---- DATA FOR THE TASK

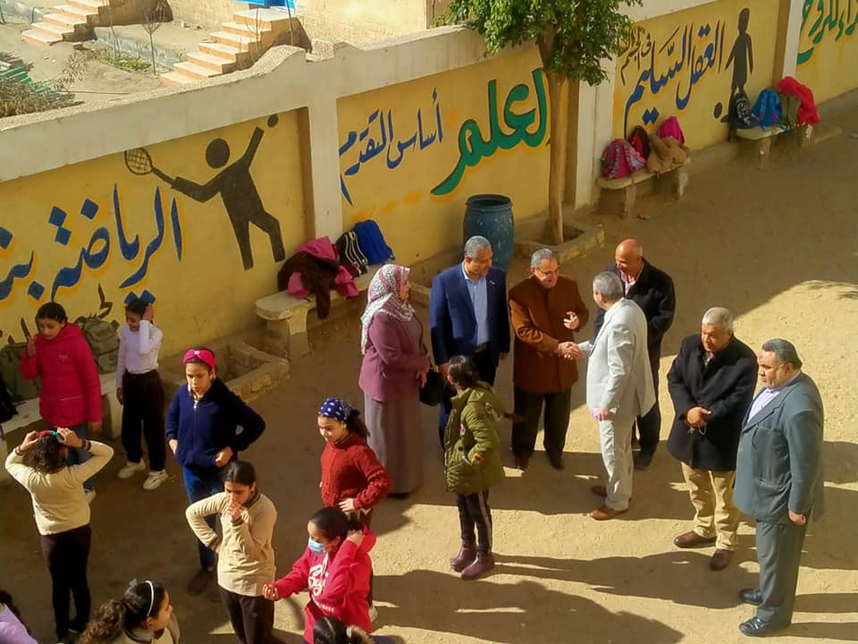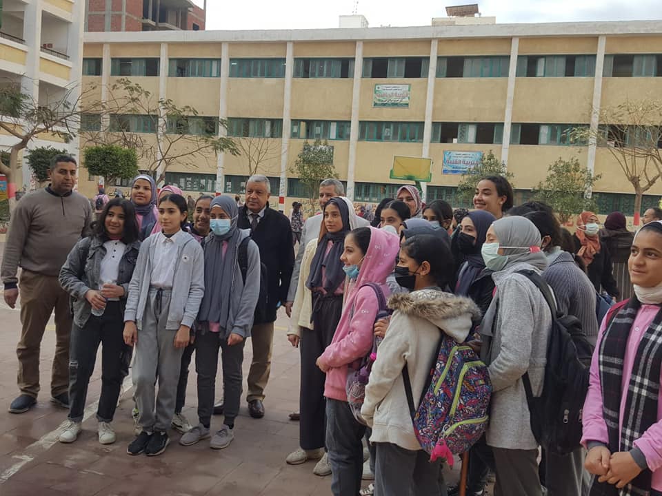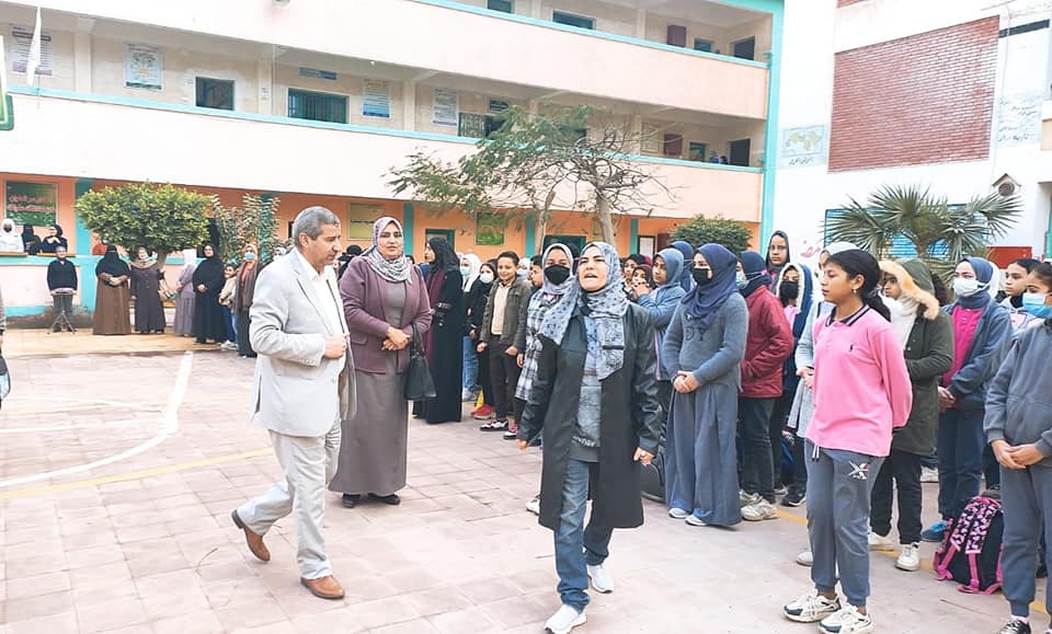و تابع سير انتظام العملية التعليمية بمدرسة الاعدادية بنات والاطمئنان علي انتظام العمل والدراسة وتفقد فصول المدرسة والمعامل والقاعات والمكتبة وناقش الطالبات فيما تم دراسته من المناهج التعليمية وتفقد غرفة الطبيب والعزل.
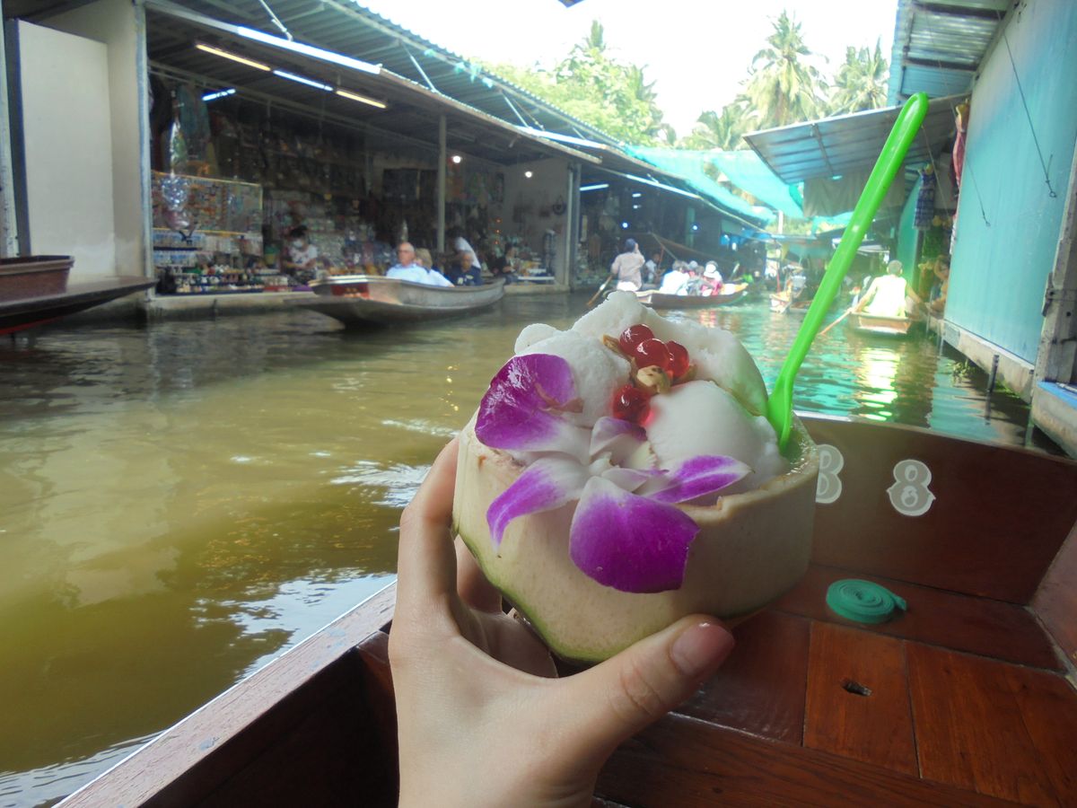 5/8の早朝に空港に到着し(機内泊)そのままホテルに荷物だけ預けて身支度をしツアーに参加しました。ココナッツファーム→水上マーケット→アユタヤのツアーに参加しました(^O^)
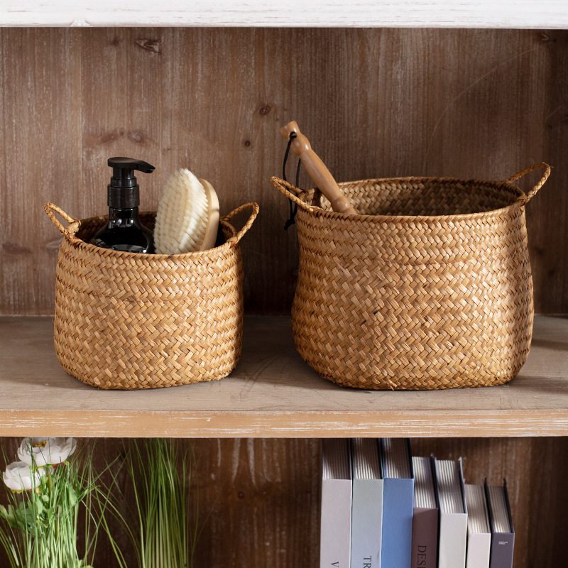 海草編みデスクトップ雑貨箱洗面スキンケア用品整理かご茶何リモコン鍵収納かご
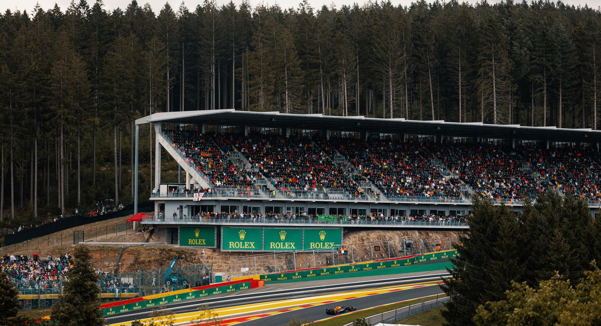 La tribune Gold 3 trone au sommet du Raidillon. Cette tribune permanente et couverte offre au visiteurs une vue epoustouflante de la sortie de la Source jusqu'au sommet du Raidillon. Sa localisation en fait un incontournable pour les amateurs de Formule 1.
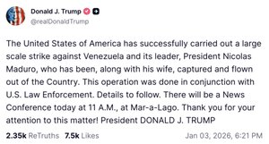 活捉马杜罗 网友称新年第一大喜讯 独裁者不安
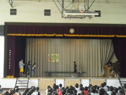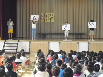 児童集会で、委員の子どもたちが楽しいゲームをしてくれました。舞台に出てくる人数、ボールを持っている人数、メガネをかけている人の人数が何人かを答える問題でした。1年から6年まで興味をもって取り組んでいました。
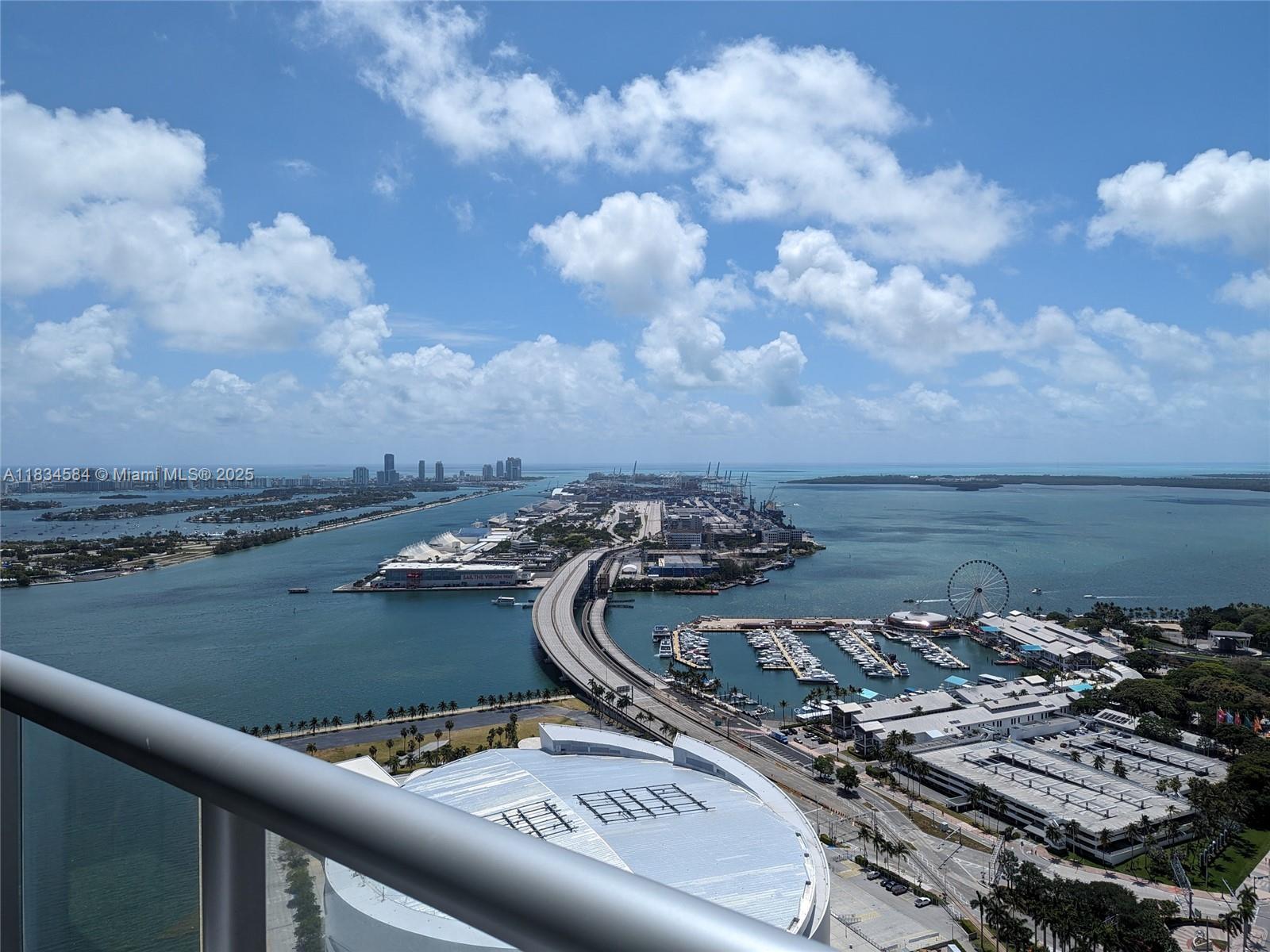 Love the view! This beautifully furnished one-bedroom, one-and-a-half-bath condo on the 47th floor of Marinablue offers stunning bay and city views from its open balcony. Featuring tiled floors throughout and an updated kitchen, the unit combines style and comfort in one of Miami's most desirable locations. Situated on Biscayne Boulevard, it’s just a short walk to the performing arts district, Bayside Park, museums, shopping, and dining. The building boasts resort-style amenities including two pools, a hot tub, a fully equipped fitness center, 24-hour concierge and security, valet parking, a club room, business center, barbecue grills, and even a sand volleyball court. This is luxury high-rise living at its finest.
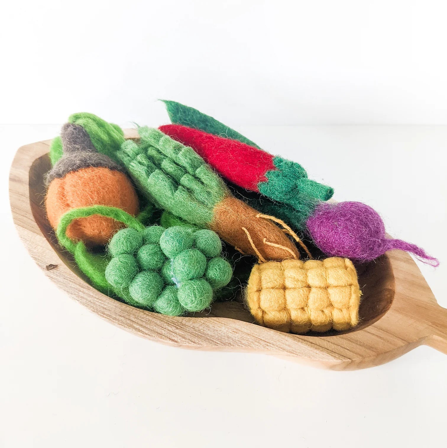 Bring the joy of farm-fresh food to playtime with our Mini Felt Vegetable Set (P/P301). Beautifully handcrafted and perfectly sized for little hands, this charming collection inspires hours of imaginative role play — from setting up a mini market stall to preparing pretend family feasts. With their rich colours and delightful detailing, these felt vegetables encourage creativity while gently introducing children to healthy food concepts through play.
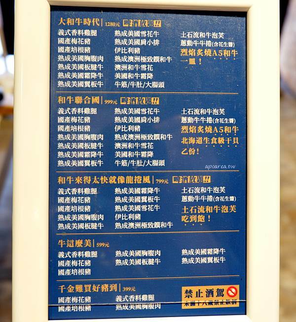 另外包含多種牛肉品項的吃到飽價格有599元、799元、999元及1280元。799元以上的價格包含土石流和牛泡芙及蔥動牛牛捲吃到飽,還加上可以啤酒無限暢飲,999元以上更有十三種肉品及牛筋、牛肚、大腸頭,更多了每人一份的炙燒A5和牛。也有更高等級的日本A5和牛方案,每人1580元就可以無限享用日本A5和牛的美味。

--------

## [WHAT THE EXERCISE ASKS]
Write out, exactly as they stand, the line with "Bring the joy" and every line after it through the end of the entries above; omit the pictures.

## [COMPLETED EXERCISE]
 Bring the joy of farm-fresh food to playtime with our Mini Felt Vegetable Set (P/P301). Beautifully handcrafted and perfectly sized for little hands, this charming collection inspires hours of imaginative role play — from setting up a mini market stall to preparing pretend family feasts. With their rich colours and delightful detailing, these felt vegetables encourage creativity while gently introducing children to healthy food concepts through play.
 另外包含多種牛肉品項的吃到飽價格有599元、799元、999元及1280元。799元以上的價格包含土石流和牛泡芙及蔥動牛牛捲吃到飽,還加上可以啤酒無限暢飲,999元以上更有十三種肉品及牛筋、牛肚、大腸頭,更多了每人一份的炙燒A5和牛。也有更高等級的日本A5和牛方案,每人1580元就可以無限享用日本A5和牛的美味。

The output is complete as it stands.